== Segment start ==
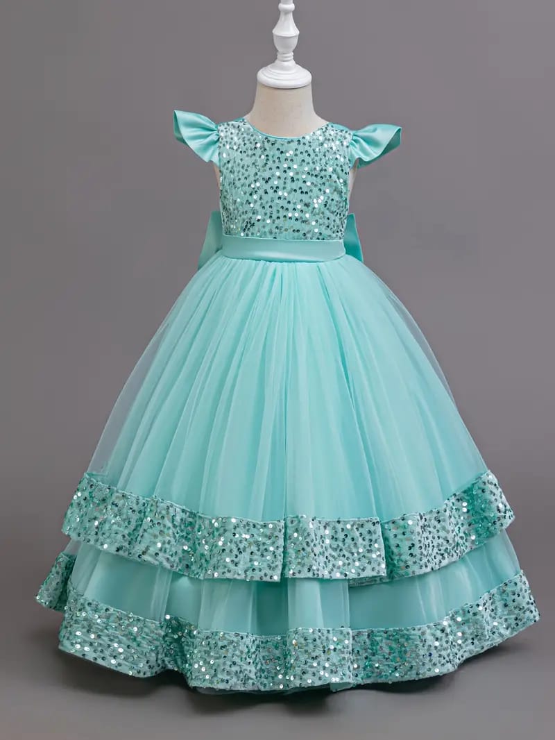 Turn every moment into a fairy tale with our Girls Pageant Maxi Dress featuring delicate butterfly sleeves, sparkling sequin details, and a dramatic full-length silhouette. Designed for pageants, birthdays, weddings, Eid and special occasions, this enchanting gown makes a bold statement with a large back bow and shimmering accents from top to hem.
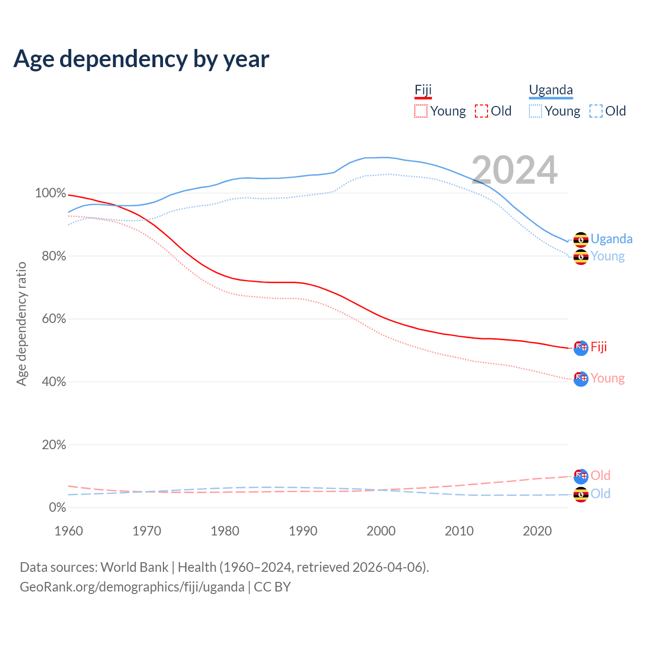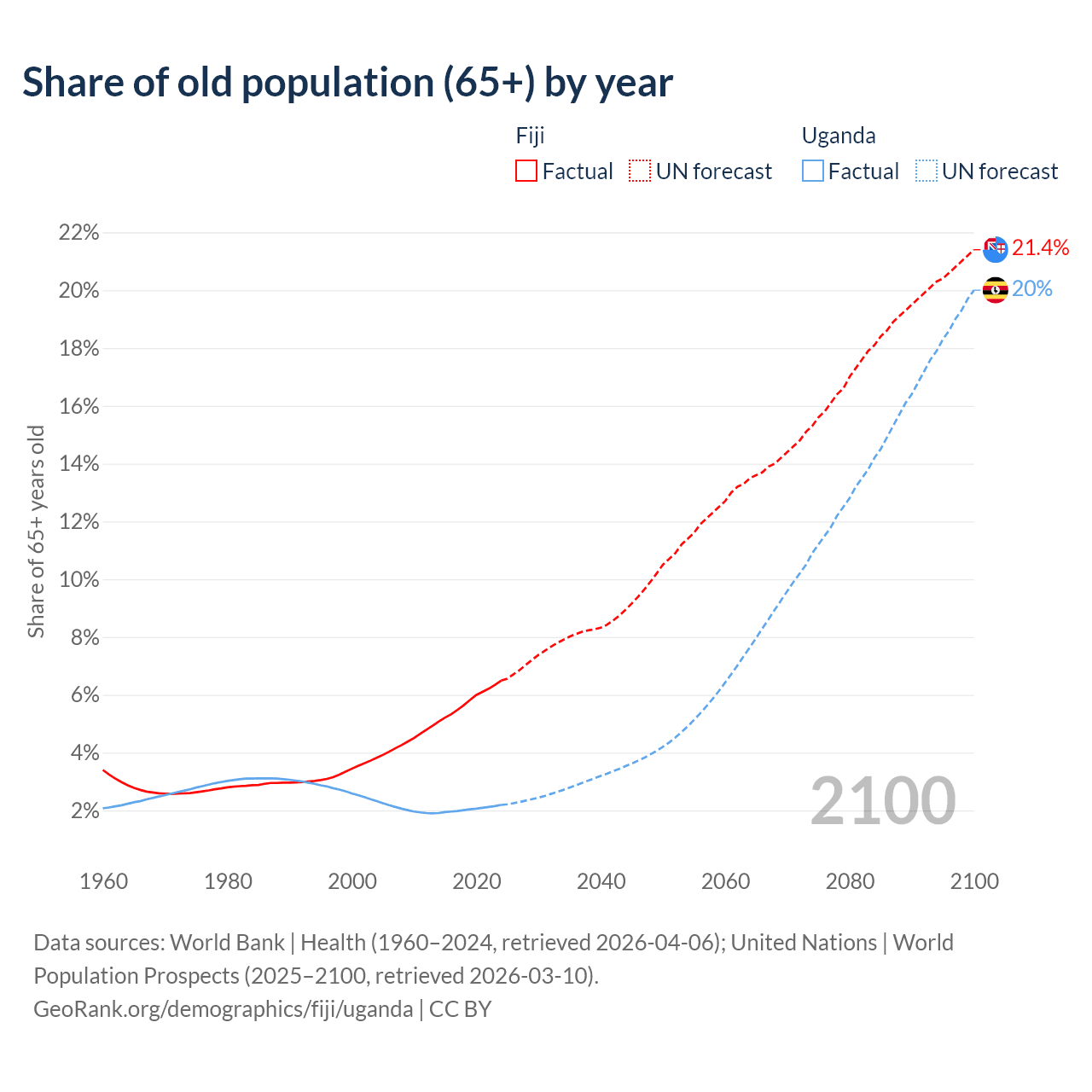 - The share of old-age demographic (65+) in Fiji is 6.49% vs 2.19% in Uganda.
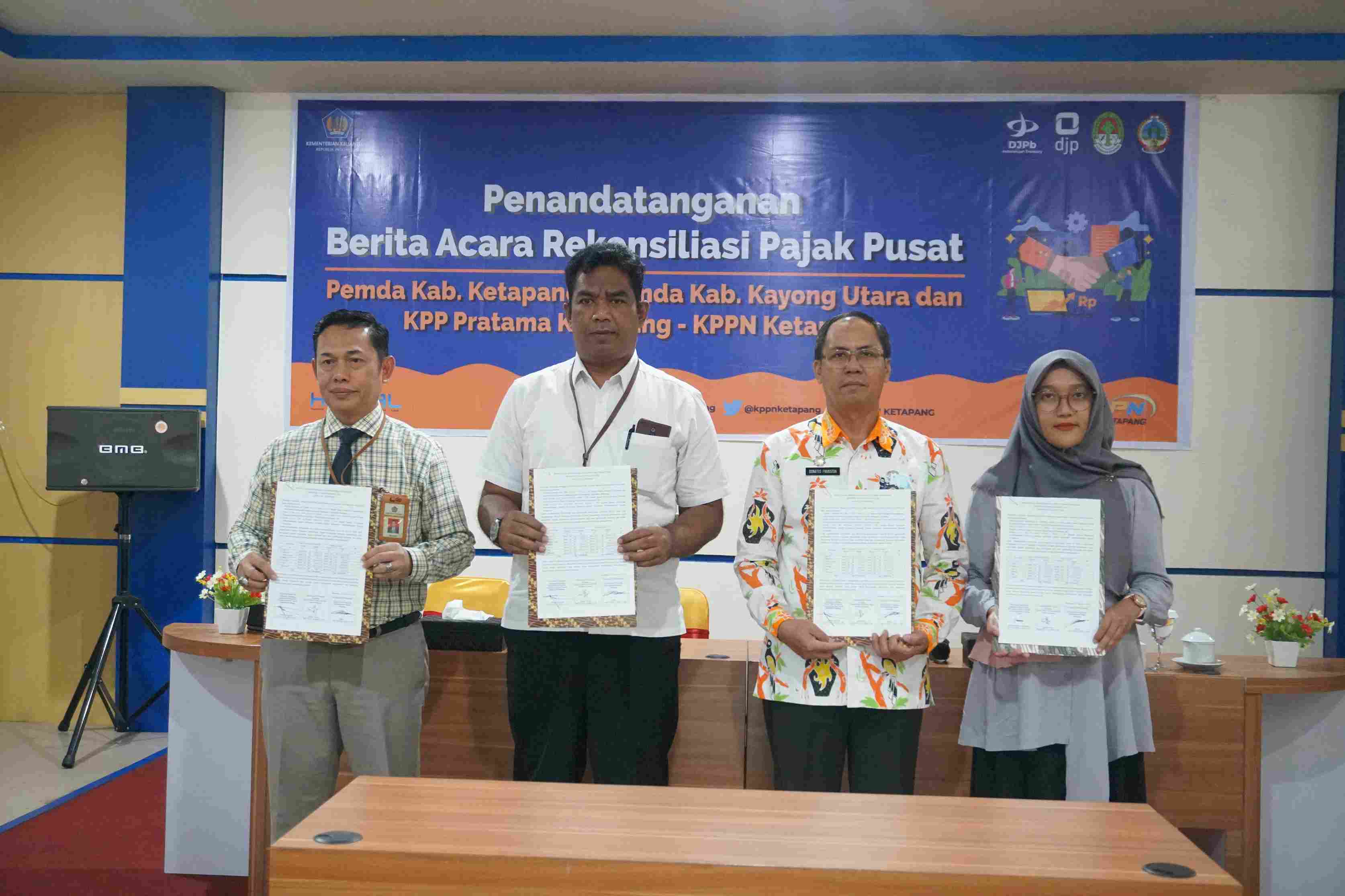 Acara dilanjutkan dengan penandatanganan BA Rekonsiliasi atas Penyetoran Pajak Pusat Semester I Tahun 2022 yang dilakukan oleh Bapak Donatus Franseda, AP., M.M selaku Kepala Badan Pengelola Keuangan dan Aset Daerah Kabupaten Ketapang, Bapak Ismail, SST.Ak, M.Comm selaku Kepala Kantor Pelayanan Perbendaharaan Negara Tipe A2 Ketapang, Bapak Edral Yulvan S.H., M.M selaku Kepala Kantor Pelayanan Pajak Pratama Ketapang, dan Ibu Hendriana Niken Ambarwati selaku Plh. Kepala Badan Keuangan Daerah Kabupaten Kayong Utara.
== Segment end ==
# Task instructions
Could you retype the whole listing word for word, minus its pictures?

# Answer
 Turn every moment into a fairy tale with our Girls Pageant Maxi Dress featuring delicate butterfly sleeves, sparkling sequin details, and a dramatic full-length silhouette. Designed for pageants, birthdays, weddings, Eid and special occasions, this enchanting gown makes a bold statement with a large back bow and shimmering accents from top to hem.
 - The share of old-age demographic (65+) in Fiji is 6.49% vs 2.19% in Uganda.
 Acara dilanjutkan dengan penandatanganan BA Rekonsiliasi atas Penyetoran Pajak Pusat Semester I Tahun 2022 yang dilakukan oleh Bapak Donatus Franseda, AP., M.M selaku Kepala Badan Pengelola Keuangan dan Aset Daerah Kabupaten Ketapang, Bapak Ismail, SST.Ak, M.Comm selaku Kepala Kantor Pelayanan Perbendaharaan Negara Tipe A2 Ketapang, Bapak Edral Yulvan S.H., M.M selaku Kepala Kantor Pelayanan Pajak Pratama Ketapang, dan Ibu Hendriana Niken Ambarwati selaku Plh. Kepala Badan Keuangan Daerah Kabupaten Kayong Utara.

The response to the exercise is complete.